Right now the only wording that would be acceptable before signing up or at
least before paying for credits should be:

"Beware, the highest bid you have seen on the item that you are interested in
may be an arbitrary amount over the bid displayed"

and

"Second highest bid" on the item page, or a big fat disclaimer that in spite
of the two-stage payment process you are using a proxy bidding system, which
means that the chance is very large that your bid will not be the winning bid
after you place it, and that you'll just end up buying a bunch of credits,
which you can only spend on 'poorly drawn giraffes' and other stuff of that
nature.

Or some way to test if your bid would be the highest bid before you commit to
buying the credits (that would defeat some of the advantages of a proxy bid
though, because it would allow people to figure out the real high bid).

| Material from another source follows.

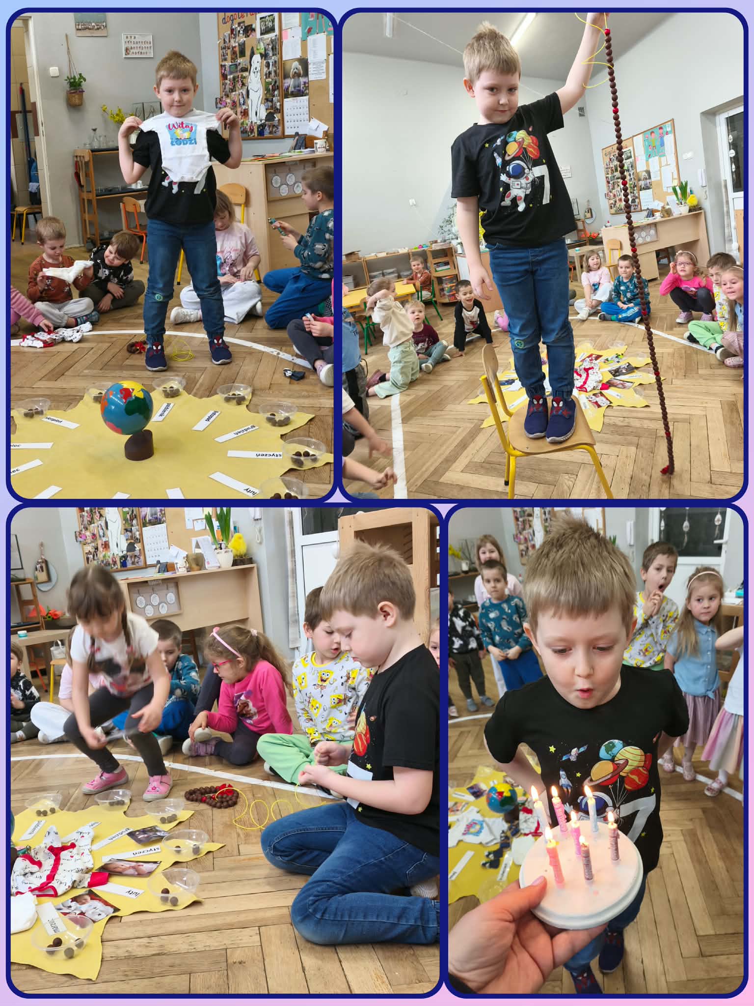 Dziś po raz kolejny obchodziliśmy 7 urodziny tym razem Pawła. Wszyscy z ochotą oglądali zdjęcia Pawła z wczesnego dzieciństwa oraz jego pamiątki, ubranka i zabawki. Składanie życzeń, głośne "Sto lat", zdmuchiwanie świeczek oraz wspólny poczęstunek były ważnym punktem tej kosmicznej uroczystości. Paweł od września wyrusza w nową drogę - do szkoły, mamy nadzieję, że również tam spotka tak fajnych kolegów i koleżanki. Powodzenia Pawełku !

Also, it is good practice to make it as easy to do a refund as it is to sign
up.

I know ebay does proxy bidding, I've bought plenty of stuff on ebay, but I pay
_after_ winning the bid. My obligation to pay starts with the bid, but I'm not
required to pay until winning the auction, my card is not charged until after
the auction closes.

The scenario to go through is the one where a new user of your system buys
enough credits to pay for the item that he/she is interested in. Only to find
after going through all that that the amount is not high enough and that you
need to buy _still_ more credits (but not how many) in order to place a
successful bid. You can't really do that imho, it feels like you're being
taken for a ride.

That request for a refund should be in your inbox.

------
lacker
Things look really expensive on Listia, but just because the numbers are so
high.

I looked at that suit and thought "700! Jeez, who buys clothes that cost 700
bucks?" And then only later did I see, 1 point = 10 cents and your first 500
points are free, so really 700 points = $20.

It's silly and psychological but I bet most of your users don't actually
figure out what your "points" mean. Why not just make points equal to dollars.

------
andreyf
Also, PG's old coat: <http://www.listia.com/auction/198>

Only 3 hours left!

------
andreyf
Some feedback here: <http://www.listia.com/auction/2067>

Really crappy that I can't edit this. The title says 512MB chip (which it is),
I pasted from the wrong notepad into the description which says 2gb (which its
not). But I cant edit it, or delist or anything.. Sorry (2 days ago by
suedehed)

------
mlLK
Is this the charity? <http://www.pinestreetinn.org/> How are you affiliated
with this organization? I'm curious as to why you're even doing this, or how
the idea even came into fruition.

You are like the last person in my mind who would ever consider capitalizing
on his/her status as a _celebrity_ , but given it's for charity I guess how
you doing it (donating to charity) doesn't really matter.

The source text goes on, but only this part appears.